Professor Nichol’s research project, A Fate Worse than Debt: The Rise and Fall of Peonage in the US-Mexico Borderlands, looks at the practice of debt slavery in the southwestern borderlands of the United States up to and beyond the era of Reconstruction. Professor Jacobowitz’s project, Far From Childhood: A Holocaust Memoir, tells the story of the fellow’s father, who survived the Holocaust as a child. This is the story of his survival and an exploration of identity of children of survivors; it is also a powerful personal story that draws out themes of persecution, discrimination, suffering, and struggle for students in the humanities.

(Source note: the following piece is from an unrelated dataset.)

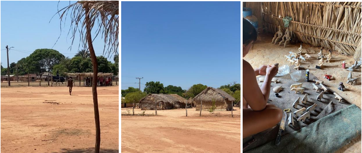
Imagens da Aldeia Santa Isabel e de uma mulher Iny ceramista pintando suas peças.

Espero que esse trabalho tenha tornado visível o quanto as mulheres Iny estão vulneráveis dentro do território em que estão inseridas. Diante disso, eu como mulher indígena e futura profissional de psicologia procurei colaborar na busca de acolhimento dessas mulheres em situação de violência e trazer essa experiência para a academia na forma deste TCC. É de suma importância garantir o bem-estar dessas mulheres, porém dentro das limitações da aldeia, respeitando a cultura Iny e sempre mantendo, em primeiro lugar, a integridade dessas mulheres e a individualidade de cada uma.

Professor Traver’s project, New York’s Dairy Dependents: The Children’s Aid Society’s Emigration Program and Upstate Dairy Farming, 1853-1929, describes the “orphan trains” used to immigrate thousands of New York City children to family farms across the United States. Despite—and perhaps because of—familiarity with these orphan trains, little is known about the large number of CAS émigrés placed on Upstate New York farms.
“Community colleges are an increasingly important part of the higher education ecosystem,” said Shiang-Kwei Wang, Ph.D., Dean for Research. “We are grateful to the Mellon Foundation’s support of our faculty so they may pursue their research ambitions in the humanities and social sciences.”
Fellows receive a $40,000 stipend over 18 months and will participate in a convening to meet, share their work, and discuss broader issues in the humanities in the community college sector.